Action item: The required answer is an exact copy of every line from the beginning of the entries through the line with "The heavy black", with all pictures omitted.

Dataset records:
* * *

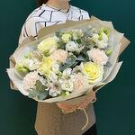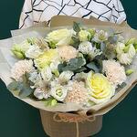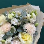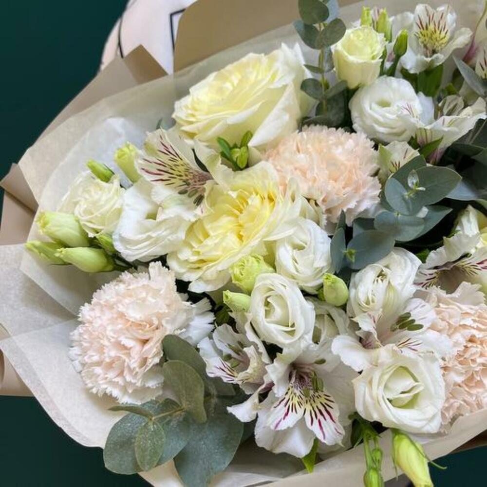 Eucalyptus - 5 шт. white alstroemeria - 3 шт. white lisianthus - 3 шт. сливочный гвоздика - 3 шт. kraft wrapping - 1 шт. сливочно-пионовая роза - 3 шт. кремовая тишью-бумага - 2 шт. верёвка - 1 шт.
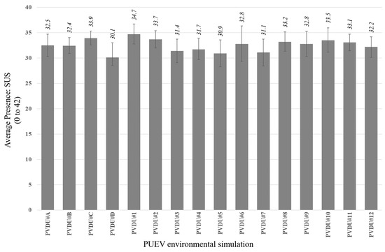 The average levels of sensation of presence per participant (according to the SUS questionnaire) for each environmental simulation were obtained (Figure 4). As the SUS questionnaire is made up of 6 items to be assessed on a 7-point Likert-type scale, the maximum presence level would be 42 points. They were considered to be sufficient, taking into account the results obtained by studies using similar technologies [54]. As such, the simulations can be considered satisfactory.
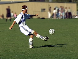 | Il ragazzo in rosso calcia la palla. | Мальчик в красном бьет по мячу. | ||
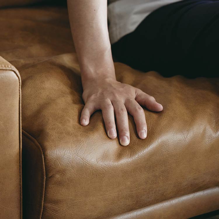 開梱時に稀に表面のシワ、変形等が見られる場合がありますが、輸送中におこったものなので、ご使用されるうちに自然に回復します。また、叩いたり張地を軽く引っ張ると回復も早くなります。
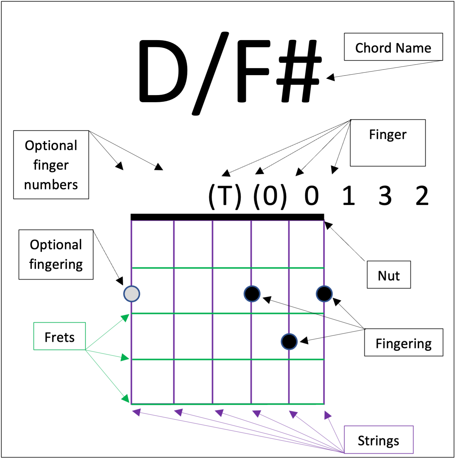 The heavy black line at the top of the grid represents the nut at the end of the fretboard. The nut is not included if the chord is voiced up the fretboard. Diagrams without a nut will include a fret number label to indicate where the voicing is situated on the fretboard. The grid represents the fretboard. For differentiation purposes in this diagram, the strings running parallel to the fretboard are purple and the frets running perpendicular to the fretboard are green. The fretboard will be monochrome in subsequent chord shape diagrams.
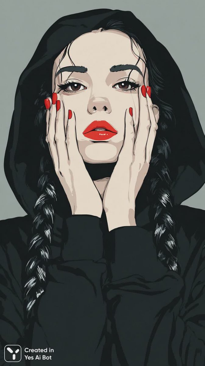Портрет молодой девушки в стиле поп-арт, выполненный с использованием минималистичной графики и ярких акцентов. Ее лицо обрамлено двумя длинными косами, сочетающими в себе черные и светлые оттенки, создавая эффектный контраст. Яркая красная помада подчеркивает чувственность образа, а темный худи добавляет нотку повседневности и расслабленности. Руками, деликатно обрамляющими лицо, девушка словно привлекает к себе внимание, приглашая зрителя заглянуть в ее внутренний мир. Фон выполнен в нейтральном сером цвете, что позволяет выделить яркие детали портрета и усилить его графичность. Особое внимание привлекают крупные красные ногти, добавляющие образу дерзости и уверенности. Выражение лица девушки – смелое и запоминающееся, сочетание силы и уязвимости, которое заставляет задуматься о ее характере и переживаниях. Простота композиции и яркие цвета делают этот портрет настоящим произведением искусства, воплощающим дух современной поп-культуры. В целом, работа передает энергию молодости, креативности и индивидуальности, выделяясь своей лаконичностью и выразительностью. Это визуальный гимн современному стилю и смелым решениям в мире моды и искусства, предлагающий зрителю насладиться гармонией формы и цвета
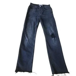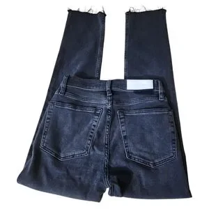 RE/DONE Originals Size 24 Faded Black Ankle Crop Jeans Raw Hem Button Fly
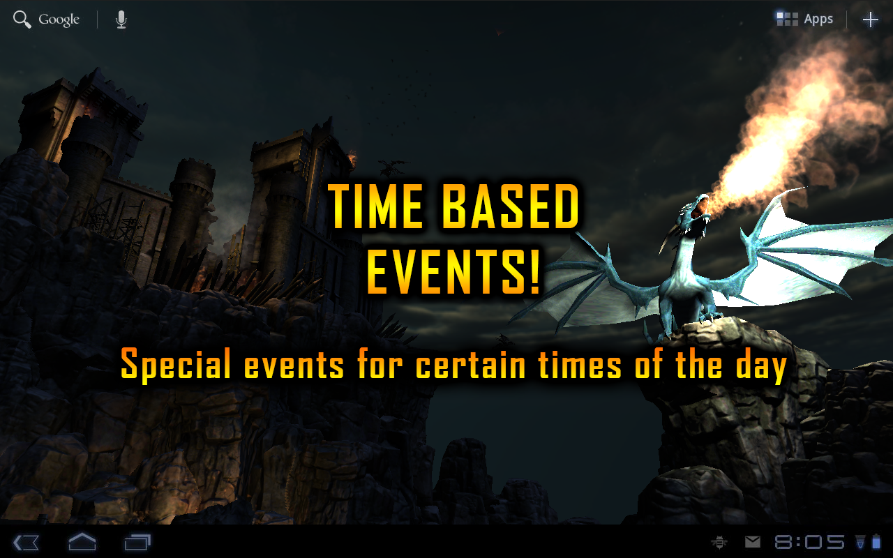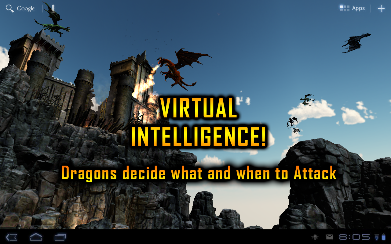 Извечная средневековая борьба простых людей с огромными историческими драконами, красивая битва летающих и метающих огнем существ с охраняющим свое добро человечеством, предоставляется для ваших телефонов. Выдумывая всевозможные катапульты и другое мощное оружие, люди пытаются защитить осажденный замок. Наблюдать такую картину на экране смартфона можно, если скачать программу Dragon Strike Live Wallpaper на Андроид. В приложении весьма уместная и качественная озвучка, превосходная графика. Все выглядит вполне реалистично, будто просматриваешь полноценный исторический фильм про сказочных драконов.
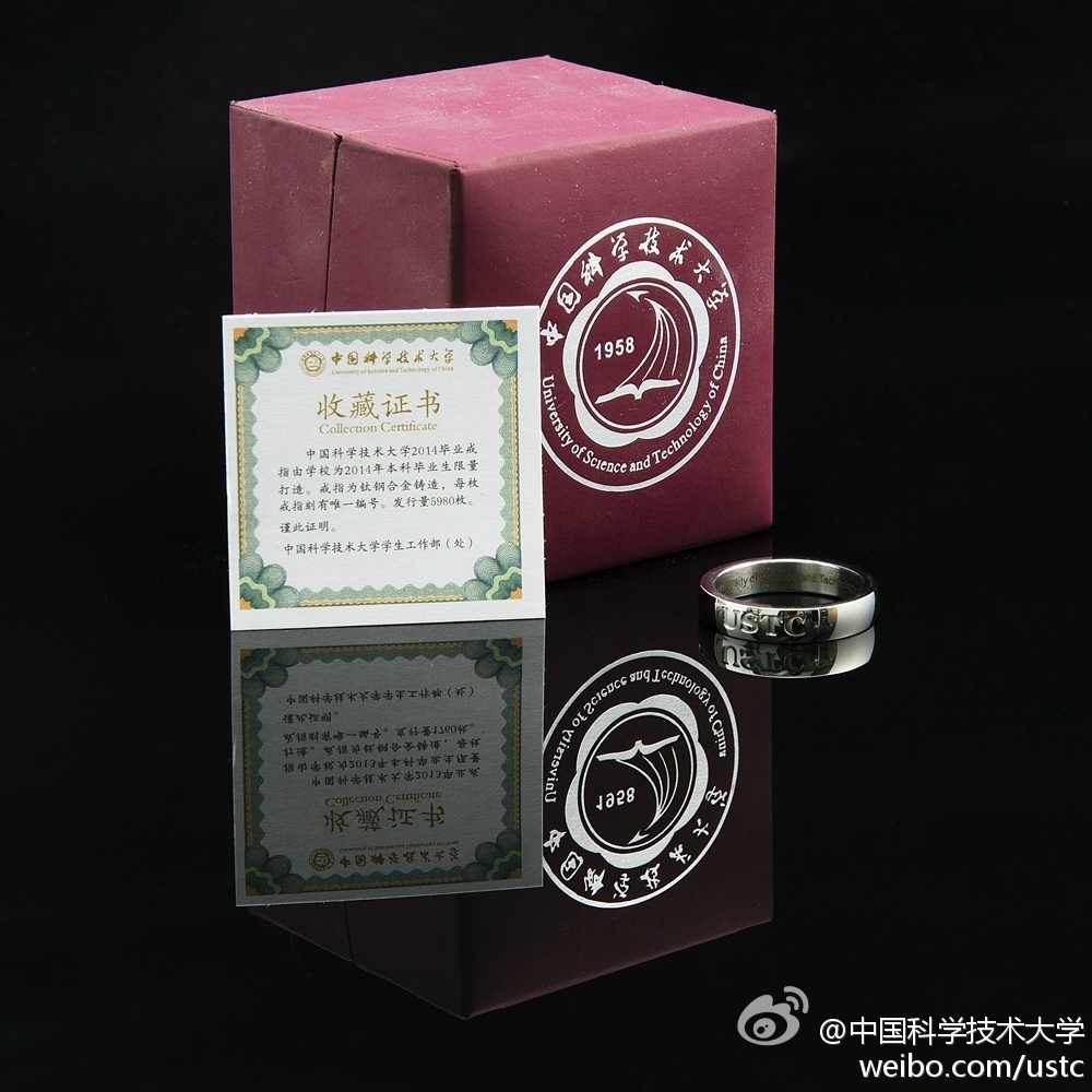 “去年只给1760名本科毕业生发放了毕业戒指,今年普及到研究生,一共发放了5980枚。”中国科大学工部的曹勇老师介绍,毕业戒指是限量打造,材质是钛钢合金,每枚造价约几十元。而创意是模仿美国西点军校,目的是给毕业生们一个青春纪念。
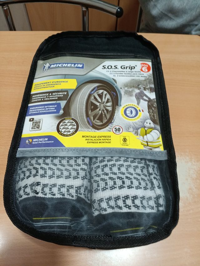 Detalles del productoCadenas de lona ajustables de coche marca Michelin. Para varias medidas, faciles de colocar.Su precio 100e.Estan sin estrenar como se puede ver.Se venden por cambio de coche.Sirven para llanta 14,15,16,17,19.Medidas en el anunciado.
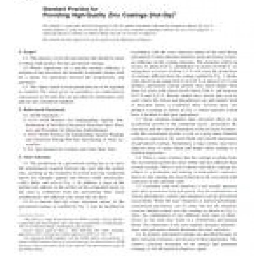 1.1 This practice covers the precautions that should be taken to obtain high-quality hot-dip galvanized coatings.

* * *

Exercise solution:
 Eucalyptus - 5 шт. white alstroemeria - 3 шт. white lisianthus - 3 шт. сливочный гвоздика - 3 шт. kraft wrapping - 1 шт. сливочно-пионовая роза - 3 шт. кремовая тишью-бумага - 2 шт. верёвка - 1 шт.
 The average levels of sensation of presence per participant (according to the SUS questionnaire) for each environmental simulation were obtained (Figure 4). As the SUS questionnaire is made up of 6 items to be assessed on a 7-point Likert-type scale, the maximum presence level would be 42 points. They were considered to be sufficient, taking into account the results obtained by studies using similar technologies [54]. As such, the simulations can be considered satisfactory.
 | Il ragazzo in rosso calcia la palla. | Мальчик в красном бьет по мячу. | ||
 開梱時に稀に表面のシワ、変形等が見られる場合がありますが、輸送中におこったものなので、ご使用されるうちに自然に回復します。また、叩いたり張地を軽く引っ張ると回復も早くなります。
 The heavy black line at the top of the grid represents the nut at the end of the fretboard. The nut is not included if the chord is voiced up the fretboard. Diagrams without a nut will include a fret number label to indicate where the voicing is situated on the fretboard. The grid represents the fretboard. For differentiation purposes in this diagram, the strings running parallel to the fretboard are purple and the frets running perpendicular to the fretboard are green. The fretboard will be monochrome in subsequent chord shape diagrams.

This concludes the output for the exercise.